By dinner-time the next day Janet had actually arrived. She looked thin and sharp, her keen black eyes roamed about uneasily, and some indescribable change had passed over her. Her brothers told her study had not agreed with her, and she did not, as of old, answer tartly, but gave a stiff, mechanical smile, and all the evening talked in a woman-of-the-world manner, cleverly, agreeably, not putting out her prickles, but like a stranger, and as if on her guard.

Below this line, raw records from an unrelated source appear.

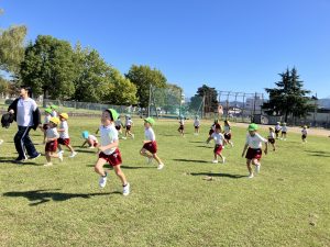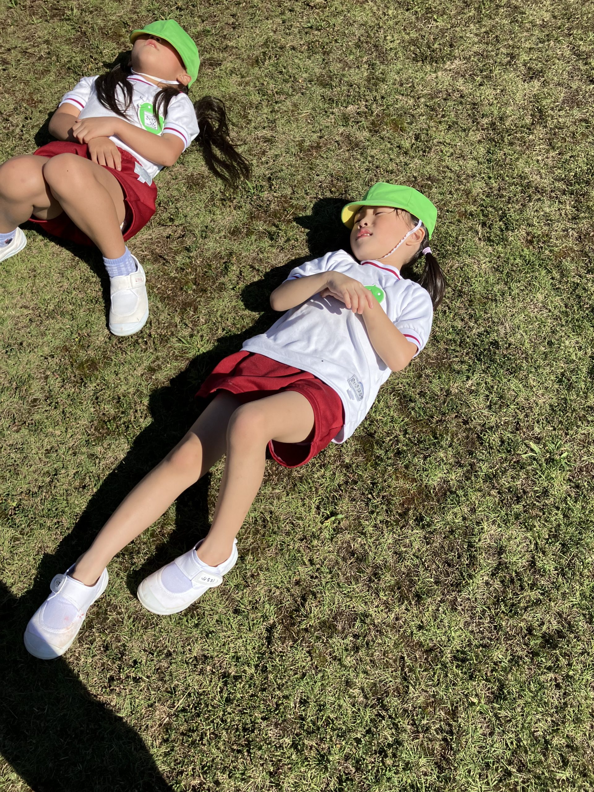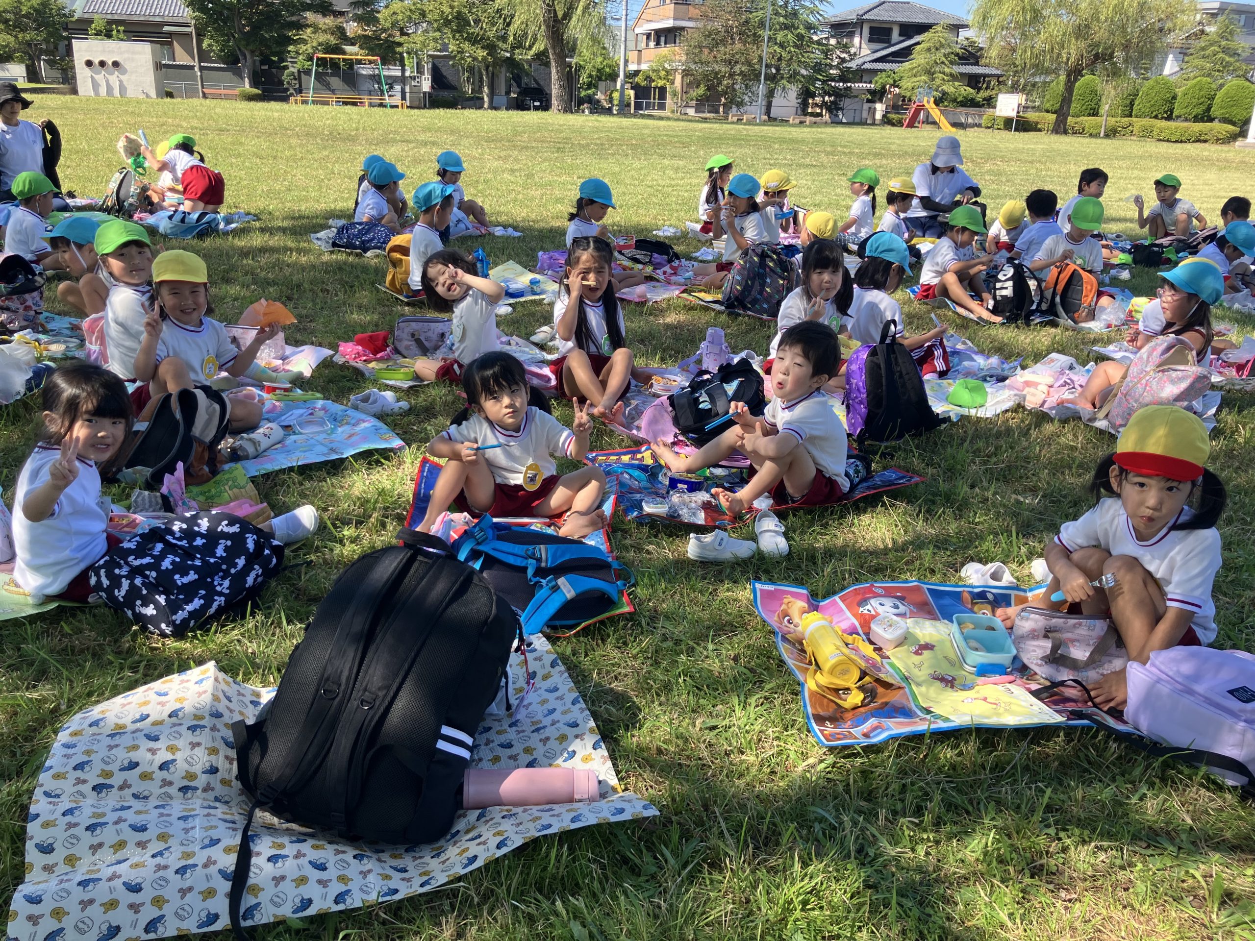 身体を動かすことで程よい疲れと共に空腹感を味わうと、「早くお弁当たべた~い!」「もうお腹ペコペコ~」とお弁当を早く食べようというリクエストの嵐。リュックサックから出した敷物を敷き、友達との会話を弾ませながらお家の人の愛情いっぱいのお弁当を食べました。外でお弁当を食べる楽しさを味わえたのではないかと思います。
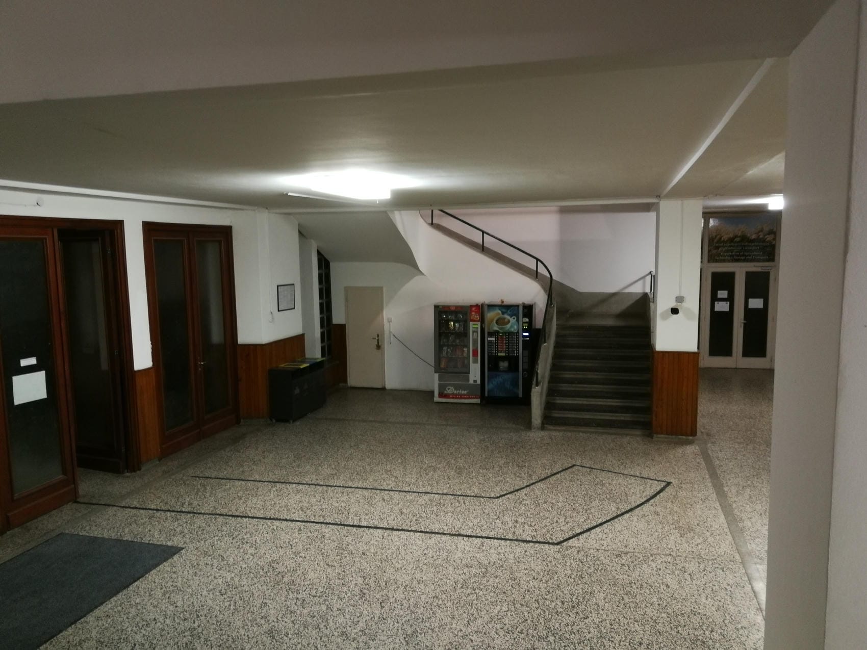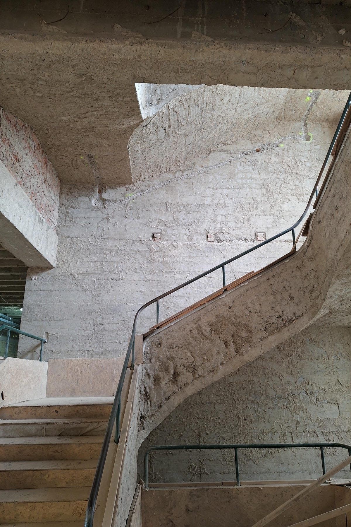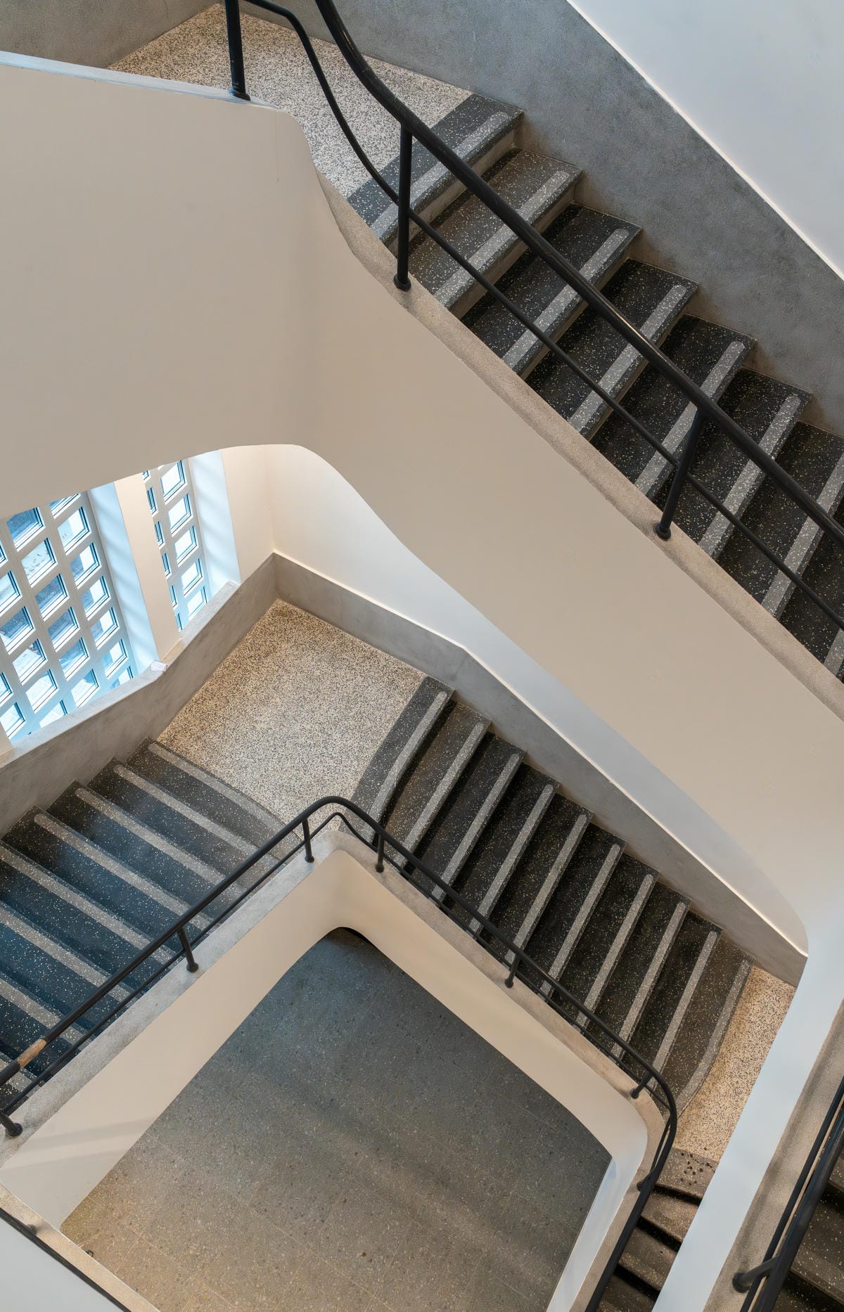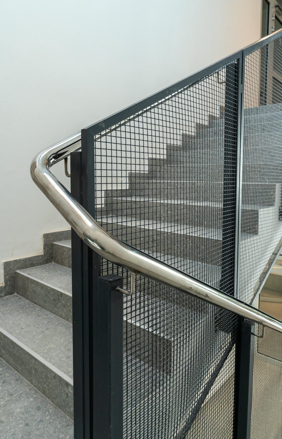 „Postojeća stubišta svojim su oblikovanjem definitivno glavni akcent zgrade zbog čega sam inzistirala da se maksimalno zadrži njihovo originalno oblikovanje, što je uključivalo i zadržavanje završnih obloga. Jedino smo ograde stubišta morali povisiti jer su bile preniske – oko 75 cm i to smo izveli tako da smo na postojeće vertikale zavarili dio cijevi i dodali još jednu horizontalu na polovici visine.“
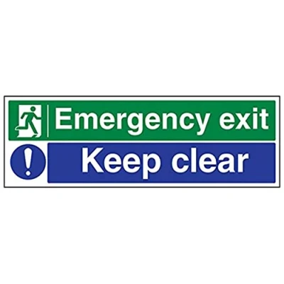Helps to fulfil legal obligations to inform of the direction in which safety can be reached as per Health and Safety (Safety Signs & Signals) Regulations 1996 Conforms to EN ISO 7010:2012 by featuring a green background with a white pictogram or text positioned centrally Landscape Orientation. Sign reads "Emergency Exit. Keep Clear" Highly durable Self Adhesive Vinyl material and screen printed message will stand the test of time Sign measures 600 x 200mm. Self Adhesive material will adhere securely to most surfaces
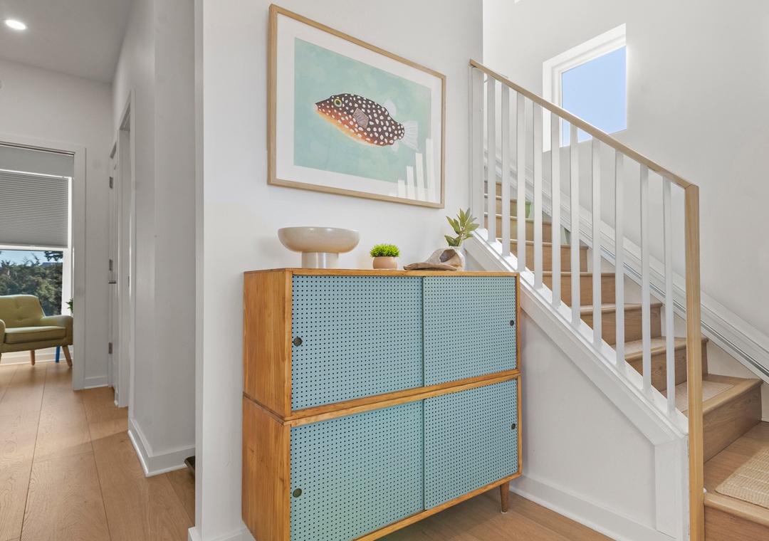Stepping up to this lovely home there is a clean concrete driveway and a spacious shaded area beneath the home that’s perfect for outdoor living. Enjoy evenings soaking in the hot tub, grilling meals on the grill, relaxing at the picnic table, or gathering around the nearby fire pit. Convenient surfboard storage is also available, making it easy to enjoy everything the coast has to offer.
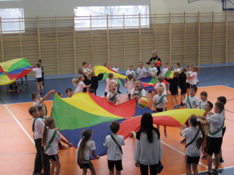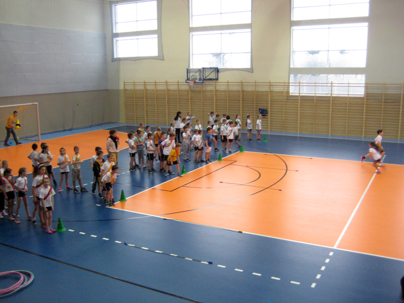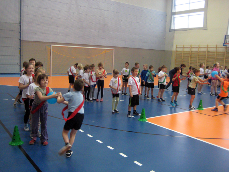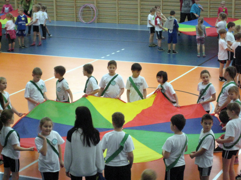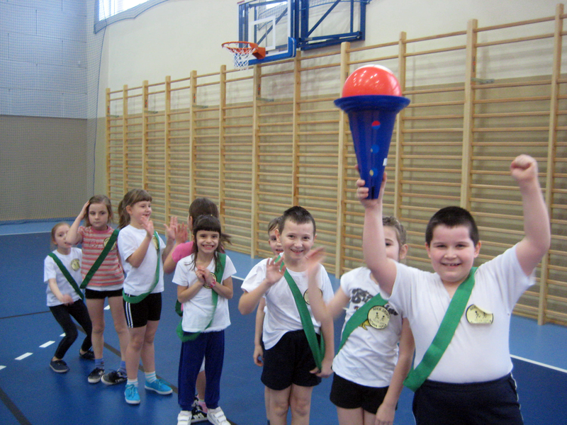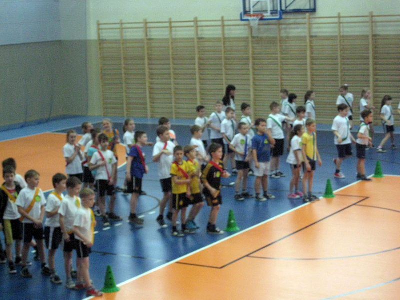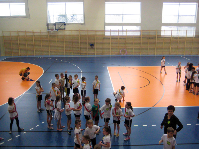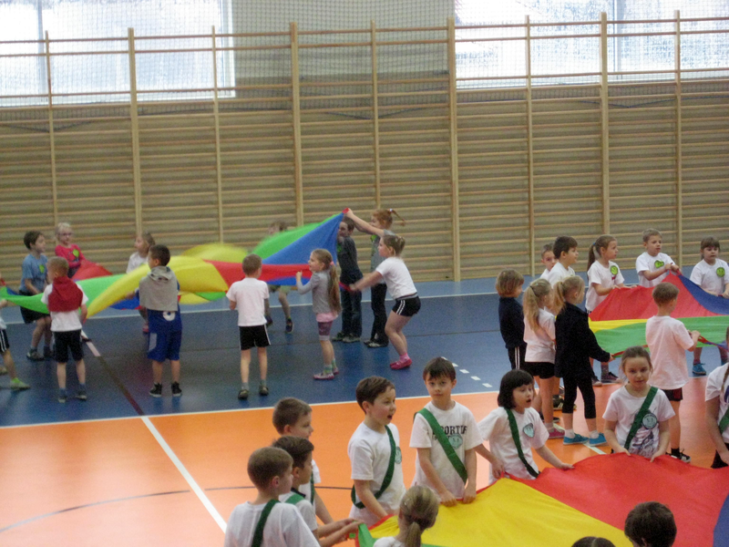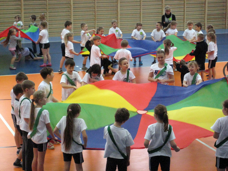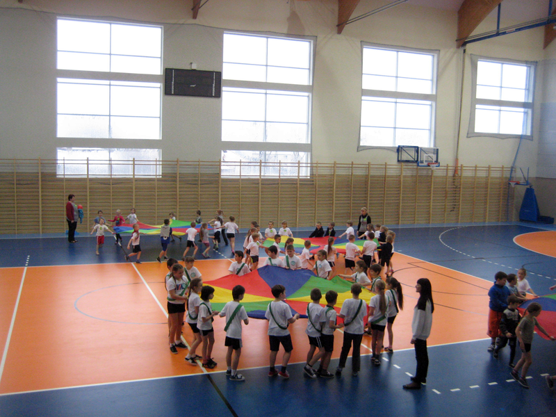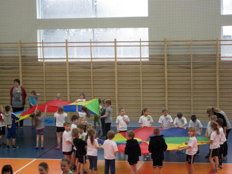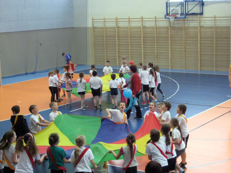 Uroczyste otwarcie hali sportowo – widowiskowej odbyło się na początku stycznia, teraz na prośbę pani dyrektor Aleksandry Krawczyk zorganizowano sportową olimpiadę dla najmłodszych uczniów naszej szkoły.  Ten dzień był wyjątkowy. Wszystkie klasy i dzieci przedszkolne rywalizowały ze sobą w różnych dyscyplinach: zawody z piłką, obręczą, z woreczkami, różne zabawy i gry zespołowe, zabawy z chustą Klanza.
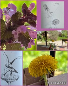 Gisteren voor het eerst sinds lang weer een paar tekeningen gemaakt, twee met blind de contouren tekenen in tien minuten en later ingevuld met turen naar de paardebloem en de paarse dovenetel en de tweede naar foto van de twee ooievaars op het nest. Fijn om te doen en eigenlijk te lang geleden. Lief en ik spreken af dat ik ergens een klein schetsboek op de kop probeer te tikken en onderweg tijdens de uitstapjes, gewapend met de tekentas en het kleine opvouwbare krukje, aan de slag ga. Goed plan, we hebben al twee steden op het oog, een in Kroatië en de ander aan het Balatonmeer. Heerlijke vooruitzichten tussen de tuinbedrijvigheid door.
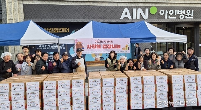 (중앙뉴스타임스 = 방재영 기자) 인천 미추홀구 주안4동 주민자치회(회장 백광일)는 지난 6일 아인병원 앞에서 주민자치 위원과 자원봉사자 등 40여 명이 함께한 가운데 ‘사랑의 김장 나눔 행사’를 개최했다.
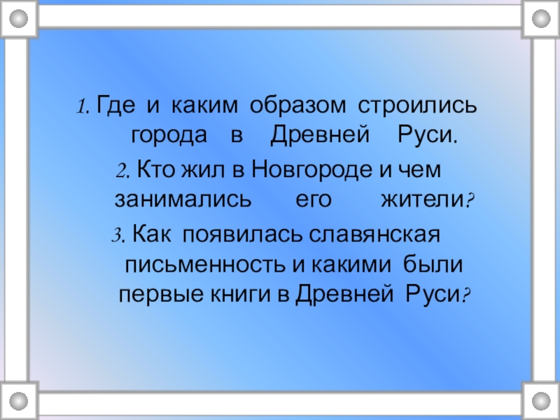 1. Где и каким образом строились города  в   Древней   Руси. 2. Кто
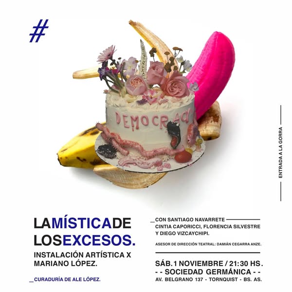 “La mística de los excesos” también habla de cultura popular, de banquetes visuales y sonoros, de un humor que se burla del poder con la misma fuerza con que lo expone. Hay flores sobre una torta que dice democracia, hay bananas pintadas de rosa, hay sarcasmo, hay ritual. Y en medio de esa orgía de signos, lo que queda es una certeza: el exceso, más que una desmesura, es un método para entender la época.
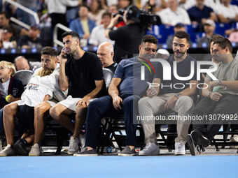 Spanish former soccer players Jordi Alba, Sergio Busquets, and Ronaldo from Brazil attend the Miami Invitational at loanDepot Park in Miami, Florida, on December 8, 2025.
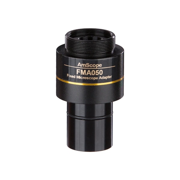 This reduction lens is designed to couple C-mount cameras with a microscope's ocular-tube or photo-tube. The male C-mount thread attaches to the camera, and the 23mm tube fits any standard ocular tube with a 23mm, 30mm, or 30.5mm diameter. The 0.5X magnification is ideal for cameras with a 1/2" format sensor, optimizing the field-of-view and sensor-coverage.
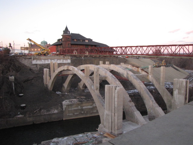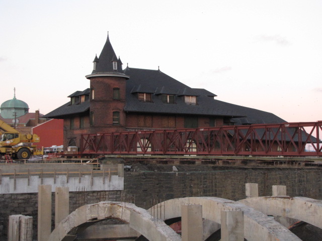 by, guess they wanted to maximize the property usage..... The building is the Dickson Manufacturing Company, one of the first steam locomotive manufacturing company's around (and also seen in 'The Office' opening credits)
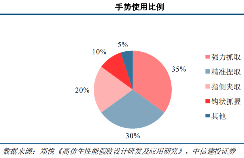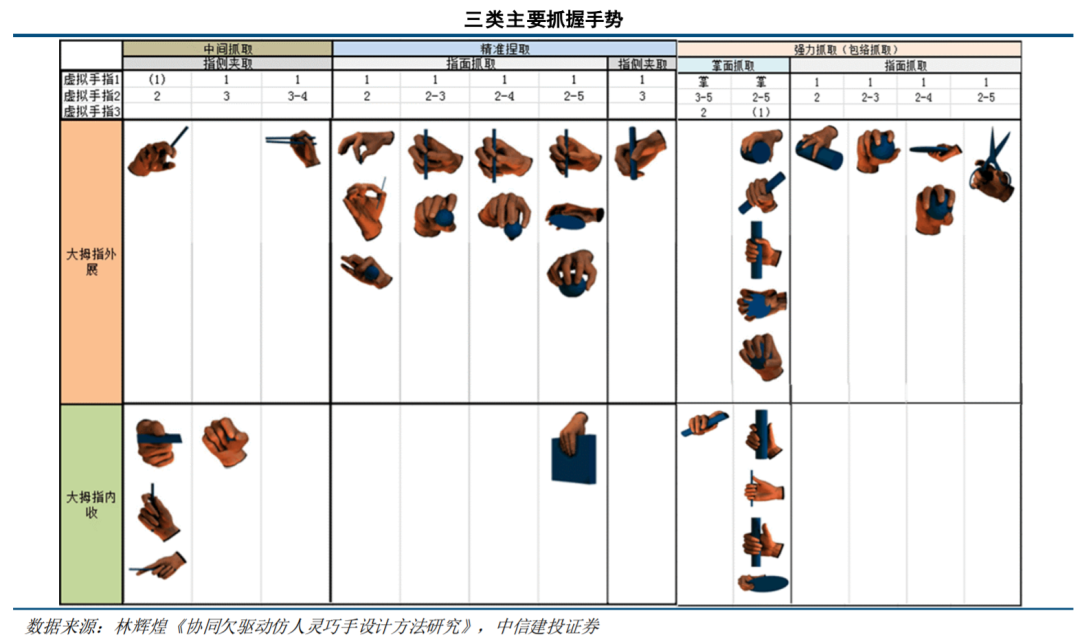 灵巧手凭借多自由度手指以及拇指额外的内/外旋运动可以良好实现强力抓取、精准捏取、中间抓取(三类手势动作使用比例达85%),满足大部分手部动作需求,能适应多种不同的对象和任务。
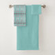 Stylish towel set in turquoise and grey accents, the turquoise pattern is removable or it can be switched to any colour. Add text to personalise.
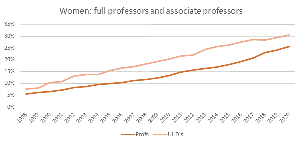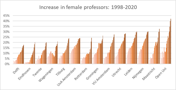 It is worth noting that the number of female professors rose at all universities over the past year, even if you have to look behind the decimal point to see these results for Nijmegen: the gains from 2019 to 2020 only came to 0.05 of a percentage point.
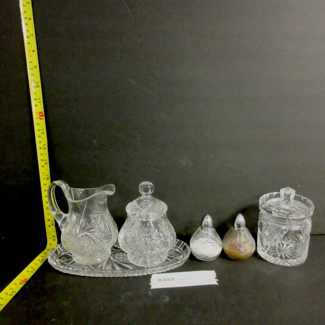 Current Bid: $7.00 [Refresh Price]YOU WILL NEED TO REFRESH THIS PAGE TO SEE UPDATED BID (Log in and this will update automatically) You must LOG IN or REGISTER to see this full page auction listing and bid. Auction is Over Winning Bid Amount: $7.00 **Lot Details: (LOT: B321) - Pinwheel Crystal service set with condiments, cream, and sugar, salt and pepper Log in to add this lot to your watch list or place a bid |
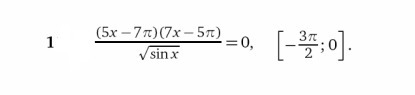 frac{(5x-7pi )(7x-5pi )}{ sqrt{sinx} } =0; ,; ; ODZ:; sinx textgreater  0; ,; ; 2pi n textless  x textless  pi +2pi n\\(5x-7pi )(7x-5pi )=0\\5x-7pi =0; ; to ; ; x=frac{7pi}{5} textgreater  pi ,; 3; chetvert; ,; ; ne; podxodit\\7x-5pi =0; ; to ; ; x=frac{5pi}{7} textless  pi \\xin [-frac{3pi}{2},0]:; ; x=frac{5pi}{7}= frac{5pi }{7}-2pi  =- frac{9pi }7}\\Otvet:; ; x=-frac{9pi}{7}; .
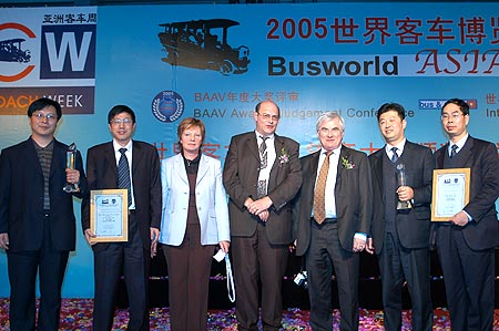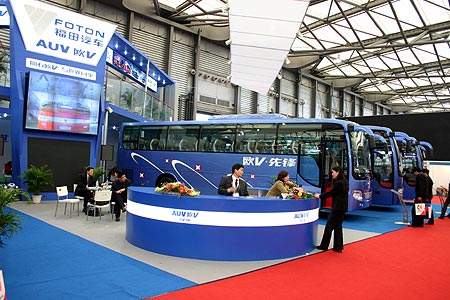 福田汽车首次作为客车企业参加目前世界客车最高水平的博览会,即获得两项大奖,着实出乎意料。众所周知,福田汽车以生产全系列卡车闻名于全国,在国内长期以来处于行业第五的领先位置。2003年9月16日,福田汽车通过资产重组,共投资1.6亿元成立欧V客车事业部。2004年11月30日,福田汽车第100万辆汽车欧V客车下线,距今仅4个月。本次作为大中型客车首次参展,便获得令人艳羡的夺目大奖,欧V客车竞争实力初见端倪,细想起来,又在情理之中。

Of course there was no speaking to her till bedtime, and Caroline at first felt as if she ought to let one night pass in peace under the home roof; but she soon felt that to sleep would be impossible to herself, and she thought it would be equally so to her daughter without coming to an understanding. She yearned for some interchange of tenderness from that first-born child from whom she had been so long separated, and watched and listened for a step approaching her door; till at last, when the maid was gone and no one came, she yielded to her impulse; and in her white dressing-gown, with softly- slippered feet, she glided along the passage with a strange mixed feeling of maternal gladness that Janet was at home again, and of painful impatience to have the interview over.